The Diagnostic Discovery pathway is an approved process by which new putative diagnostic variants identified through research activities can be shared with NHS clinical teams. The pathway is overseen by the Diagnostic Discovery Oversight Group, comprising clinicians and clinical scientists from each GLH, and is facilitated by NHS England and Genomics England staff. The aim of the group is to provide assurance to the NHS GLHs that the potential diagnoses returned are of high quality and clinical relevance.

New findings that meet the thresholds agreed with NHSE and NHS teams for being potentially diagnostic are returned to NHS GLHs directly by Genomics England on a monthly basis. Variants that do not meet this threshold require further review by the oversight group.

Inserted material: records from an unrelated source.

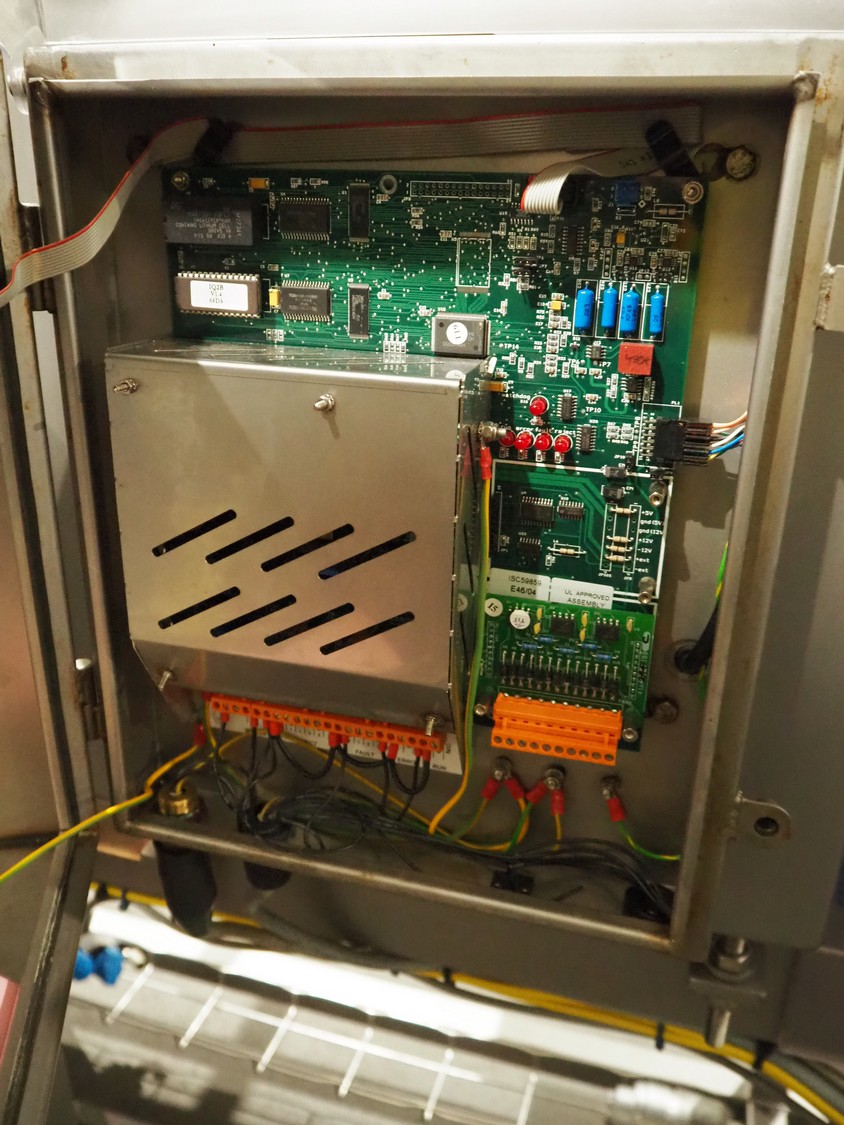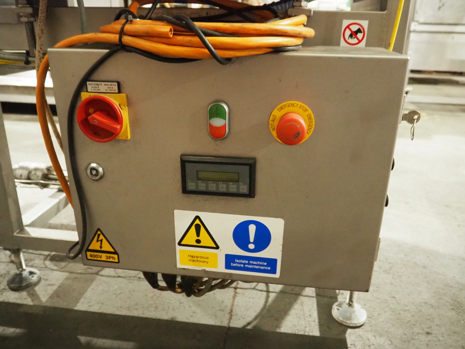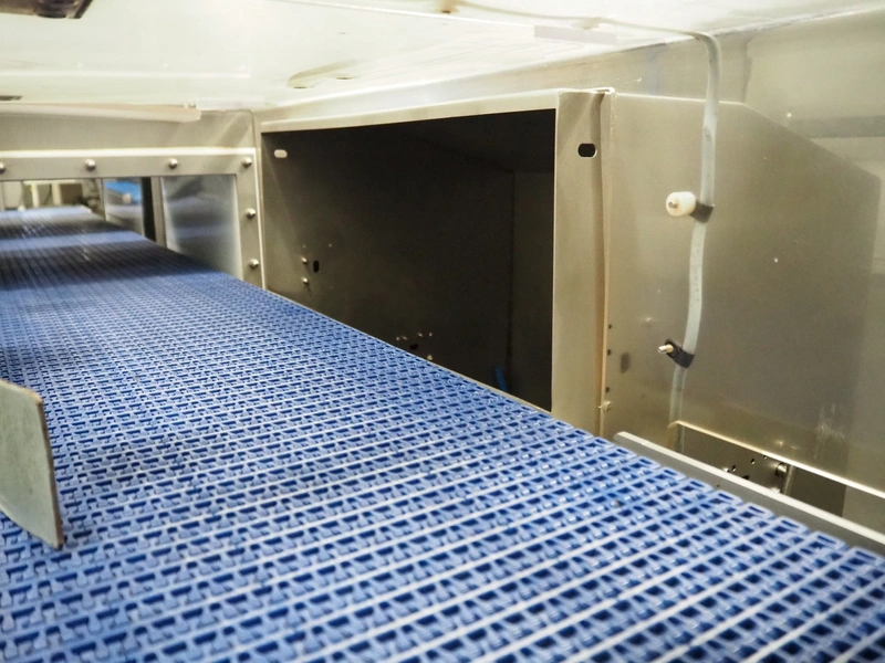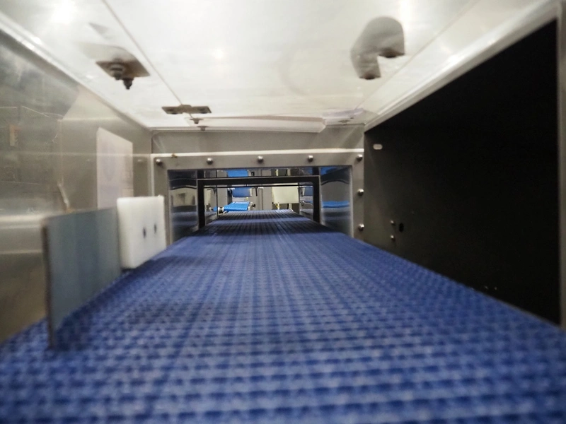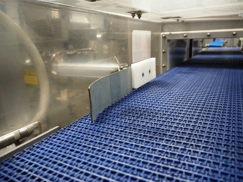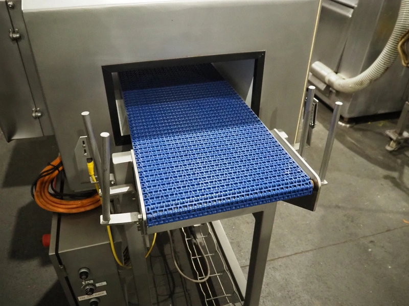 Loma Systems twin head metal detector with rejector, model: IQ2F and IQ2, serial number: 1019-377205 and MH04EU-00201D, 85-265 V, 50-60 Hz, plastic mesh belt, belt width: 300 mm, clearance: 350 mm x 110 mm, total dimensions: 2410 mm x 1050 mm x 1270 mm.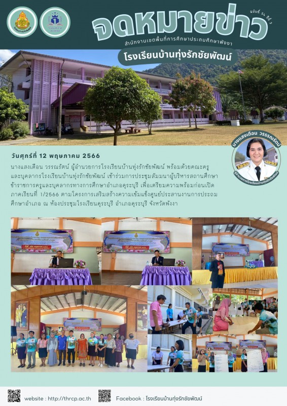 วันศุกร์ที่ 12 พฤษภาคม 2566 นางแสงเดือน วรรณรัตน์ ผู้อำนวยการโรงเรียนบ้านทุ่งรักชัยพัฒน์ พร้อมด้วยคณะครู และบุคลากรโรงเรียนบ้านทุ่งรักชัยพัฒน์ เข้าร่วมการประชุมสัมมนาผู้บริหารสถานศึกษา ข้าราชการครูและบุคลากรทางการศึกษาอำเภอคุระบุรี เพื่อเตรียมความพร้อมก่อนเปิดภาคเรียนที่ 1/2566 ตามโครงการเสริมสร้างความเข้มแข็งศูนย์ประสานงานการประถมศึกษาอำเภอ ณ ห้องประชุมโรงเรียนคุระบุรี อำเภอคุระบุรี จังหวัดพังงา |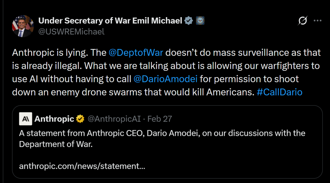 除了被特朗普拉黑,美国战争部副部长也在X上发出多篇檄文,讨伐Dario Amodei。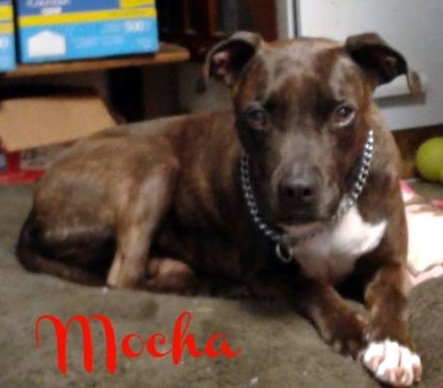 Mocha is a 3-year old spayed female pit bull terrier. She is crate trained and knows basic commands. Mocha is very affectionate and just wants to chill with you. She hates to be alone and needs a home with another dog and where the owner is present most of the time. Mocha needs to be an inside pet and a fenced yard is a plus. Find her through Stewart County Faithful Friends Animal Rescue, 931-627-1459

The NHS oversight group meets on alternate months to review variants that do not meet the threshold for direct return and recommend appropriate actions. This can lead to a recommendation to return variants to the GLHs, to contact the participant’s clinician for further information or not return the finding. If variants are approved, they will be returned to the appropriate GLH for assessment.

If you consider a finding to be potentially urgent, such as clinically actionable cancer variants in an affected living participant, or a clinically actionable variant for a rare disease participant that could guide alternative treatment options or screening pathways, these requests will be assessed more quickly. We would be grateful if you could include any such information in your request.

If your finding has been returned to the relevant GLH, it will be listed in the submitted_diagnostic_discovery table. Any findings returned through the Diagnostic Discovery pathway that have been reported by the GLHs should be visible in an updated Summary of findings or Reported outcomes questionnaire, or will be after the next NGRL data release. Currently, direct feedback to the researcher is not expected for the Diagnostic Discovery pathway.